Return the listing verbatim, images left out.

DATA EXCERPT:
----------

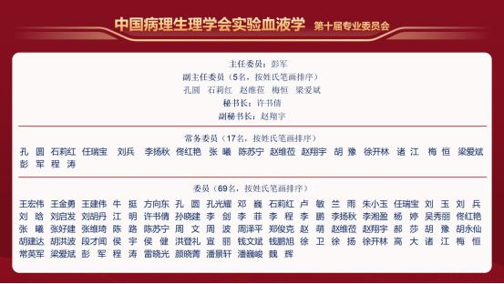 中国工程院院士、北京大学血液病研究所所长黄晓军教授,beat365英国官方网站天津医学健康研究院执行院长、beat365英国官方网站血液病医院(beat365英国官方网站血液学研究所)所院长程涛教授,国家血液系统疾病临床医学研究中心主任王建祥教授,江苏省血液研究所副所长吴德沛教授,华中科技大学血液病学研究所所长胡豫教授,解放军总医院第五医学中心血液病医学部研究所所长刘兵教授,山东大学齐鲁医院副院长彭军教授共同担任大会主席并送上寄语。
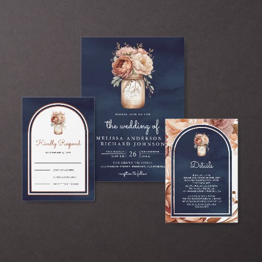 Navy Blue Terracotta Floral Mason Jar WeddingDesignt von Shabbir D
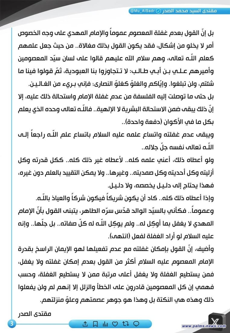 الصدر يرد على "عمائم لندن".. يمكن للمعصوم أن يخطئ ولكن للغفلة 3 أنواع
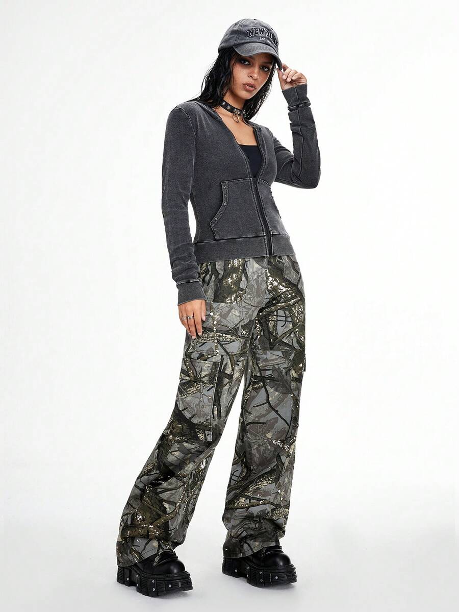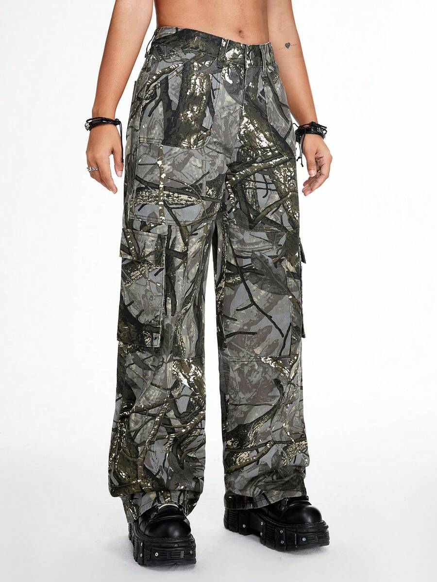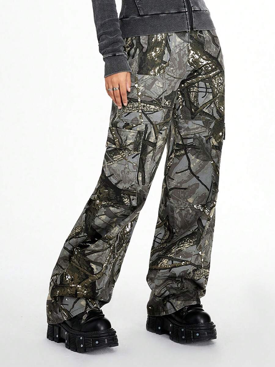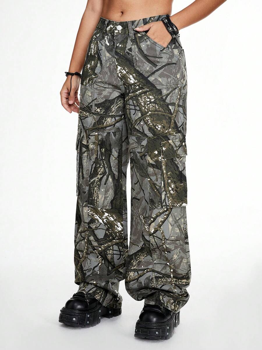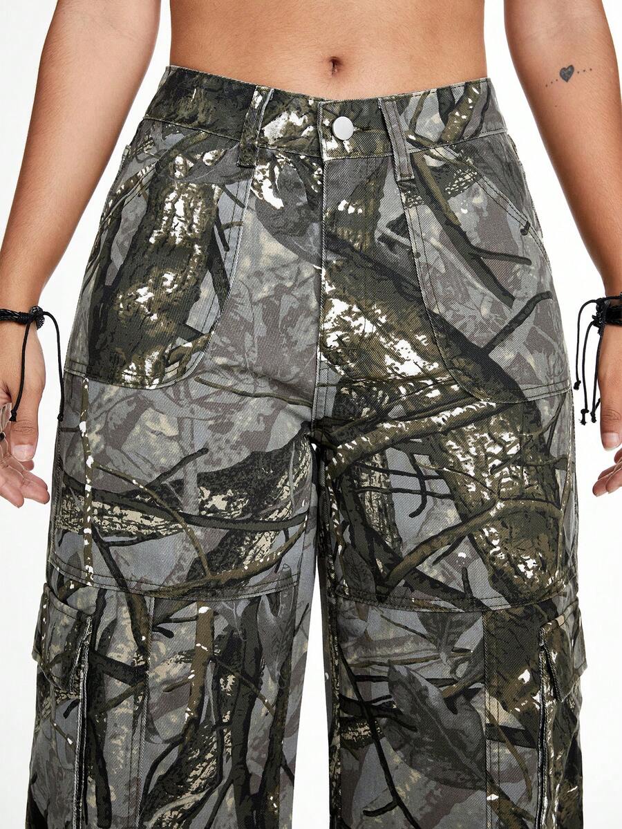 Grunge Punk Street Style Loose Straight Wide Leg Woven Plant Printed Women's Jeans

----------

COMPLETED EXERCISE:
 中国工程院院士、北京大学血液病研究所所长黄晓军教授,beat365英国官方网站天津医学健康研究院执行院长、beat365英国官方网站血液病医院(beat365英国官方网站血液学研究所)所院长程涛教授,国家血液系统疾病临床医学研究中心主任王建祥教授,江苏省血液研究所副所长吴德沛教授,华中科技大学血液病学研究所所长胡豫教授,解放军总医院第五医学中心血液病医学部研究所所长刘兵教授,山东大学齐鲁医院副院长彭军教授共同担任大会主席并送上寄语。
 Navy Blue Terracotta Floral Mason Jar WeddingDesignt von Shabbir D
 الصدر يرد على "عمائم لندن".. يمكن للمعصوم أن يخطئ ولكن للغفلة 3 أنواع
 Grunge Punk Street Style Loose Straight Wide Leg Woven Plant Printed Women's Jeans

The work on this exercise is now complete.